Streaming response Mistral Ai chatbot RAG

Lampropeltis · March 20, 2024, 2:27pm

Hello everyone.
I’m having trouble posting a streaming reply with my chatbot Mistral Ai.

The Mistral’ api give a working example (displaying live response in terminal).

client = MistralClient(api_key=MISTRAL_API_KEY)

messages = [ChatMessage(role="user", content="write python program to find prime numbers")]

stream_response = client.chat_stream(model=model, messages=messages)

for chunk in stream_response:
    print(chunk.choices[0].delta.content)

In my streamlit chatbot RAG app, this would be :


stream_response = client.chat_stream(
    model=model,
    messages=messages
)

response = "test"
for chunk in stream_response:
    st.write_stream(chunk.choices[0].delta.content)

but this gave me the following error :
streamlit.errors.StreamlitAPIException: st.write_stream expects a generator or stream-like object as input not <class ‘str’>. Please use st.write instead for this data type.

Has anyone ever used the mistrail ai api with a streaming response in a streamlit chatbot?

Thank you in advance !

Goyo · March 20, 2024, 8:09pm

What happens if you follow the advice included in the error message?

Lampropeltis · March 20, 2024, 10:15pm

Thats what I did.

The function client.chat_stream() gives a stream-like object, but it didn’t seems to be recognize as such by streamlit, hence my question.

The Mistral’API doc dont give any other function to display streaming response.

Goyo · March 20, 2024, 11:06pm

I don’t know how well passing that object to write_stream would work, but that is not what you are doing.
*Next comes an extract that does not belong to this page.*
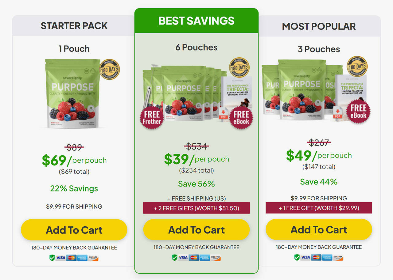 Don’t settle for a life of fatigue and low energy. Take a leap of faith and try Purpose today. It’s not available in stores or on Amazon – the Sovereignty Official page is the only place to get your supply of Purpose.
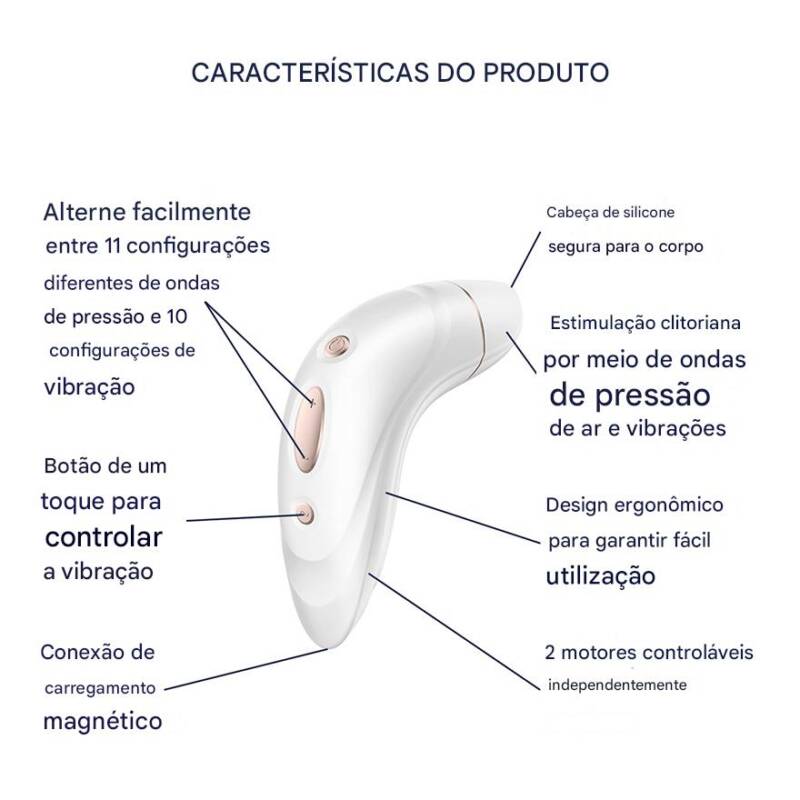 Oferece 11 intensidades de ondas de pressão e 10 programas diferentes de vibração para proporcionar o máximo prazer

Maybe you should try that too.

Lampropeltis · March 21, 2024, 8:36am

Yes, I’ve tried to do that but it doesn’t work, because to get a streaming response you have to iterate over the chunks returned by the object.

I don’t think it’s possible to do it as it is with Mistral Ai unfortunately…

Goyo · March 21, 2024, 9:34am

So what exactly is wrong with using st.write as the error message suggests?

Lampropeltis · March 21, 2024, 3:00pm

In my opinion, the error come from the object himself.

Open Ai’s function client.chat() have an argument stream = True and render one “streamable” object.

Mistral display a streaming response by looping in chunks given by client.chat_stream().

Therefore, the st.wrtie_streaming() cant receive a streming object from mistral… because it doesnt gave it.

For the moment, I’m getting round the problem by display a non-streming response.

But it is less visually captiving

Goyo · March 21, 2024, 3:13pm

You mean this?

for chunk in stream_response:
    st.write(chunk.choices[0].delta.content)

Lampropeltis · March 21, 2024, 3:31pm

Unfortunately no, this gave me one error per token ^^
I don’t understant why this solution doesn’t work.

Goyo · March 21, 2024, 6:09pm

I don’t understand it either. What does “one error per token” means?"

Lampropeltis · March 25, 2024, 4:04pm

To display the streamed response, Mistral’s api passes through a for loop that iterates over all the chunks generated by the client.chat_stream() object.

There are therefore hundreds of chunks for one response.

As there are also hundreds of errors generated when I go through the following solution :

stream_response = client.chat_stream(model, messages)
for chunk in stream_response:
    st.write(chunk.choices[0].delta.content)

I deduced that Streamlit was unable to display a streaming response from the Mistral api.

Lampropeltis · March 26, 2024, 2:18pm

Finally works !!

Here is the final code. Huge thanks to @Intelligent_Bit3942 for his working exemple that i adapted for my case.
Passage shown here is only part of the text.